Now onto their third manager in just under a year, Greece’s qualifying run was started by Claudio Ranieri and it was a home defeat to the Faroes, ranked 85th in the world, last November that saw the Italian lose his job. He had lasted just four months of a two-year €1.6 million contract.
Ranieri then spent the following seven months out of work before Leicester City came calling in their search for a successor to Nigel Pearson. Pearson had masterminded a late scramble to safety with a superb run of seven wins from their last nine games in a sequence that started in April and, on the face of it, his dismissal was surprising.
His track-record of acerbic behaviour would count against him however and, with the club’s Thai owners desperate to clean up the club’s image after the scandal involving a few of their players, one of them Pearson’s son, when on tour of the country, the decision to part ways was ultimately justifiable.
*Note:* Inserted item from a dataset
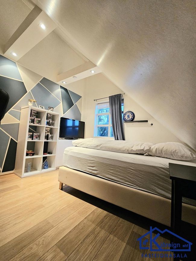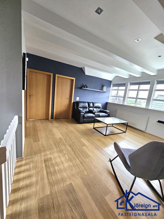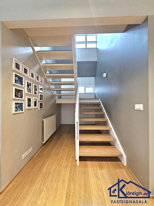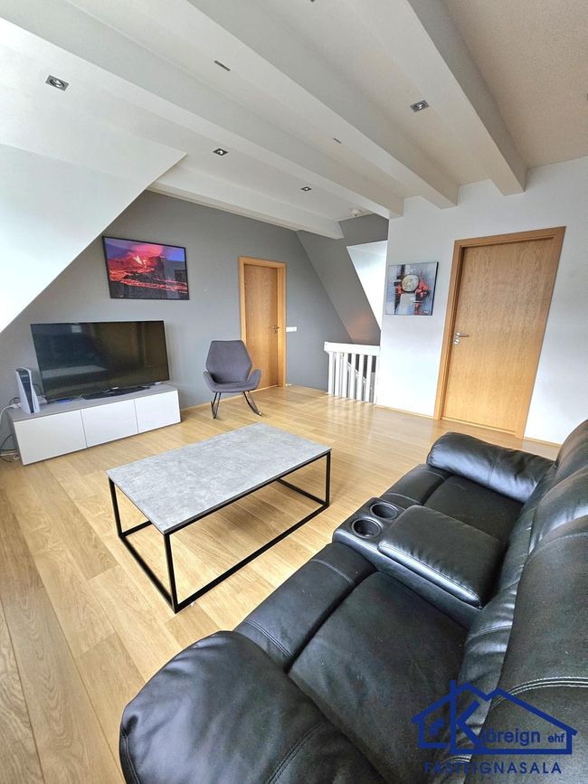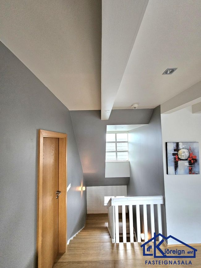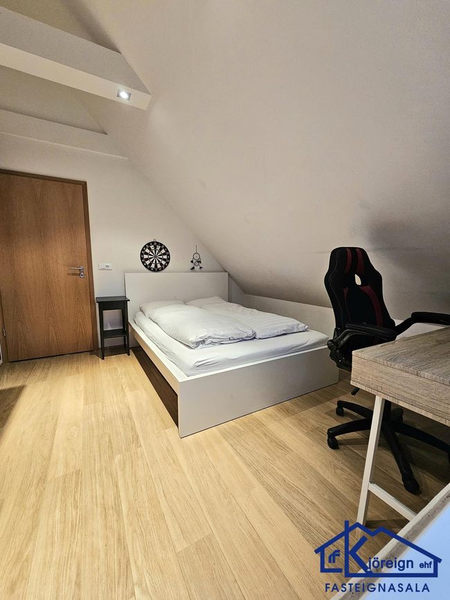 Tvö hæð, neðri hæð með forstofu, eldhús, stofu, svefnherbergi, gestasalerni og þvottahús. Efri hæð með þremur svefnherbergjum, baðherbergi og sjónvarpsholi. Hjónaherbergi með sérsmíðuðum innréttingum.

Safe to say the appointment of Ranieri, fresh from his Greek catastrophe and possessing a string of failures on his C.V since he enjoyed moderate success with Chelsea between 2000 and 2004, managed to raise eyebrows.
The 63 year old was perceived as the anathema to Pearson, a nice guy who would be friendly with the press and certainly wouldn’t throttle a player on the side of the pitch.
The departure of Esteban Cambiasso, so influential in last season’s miraculous survival, a week after Ranieri took charge intensified doubts over Leicester’s decision to go with an underwhelming choice who had not managed in the Premier League for eleven years.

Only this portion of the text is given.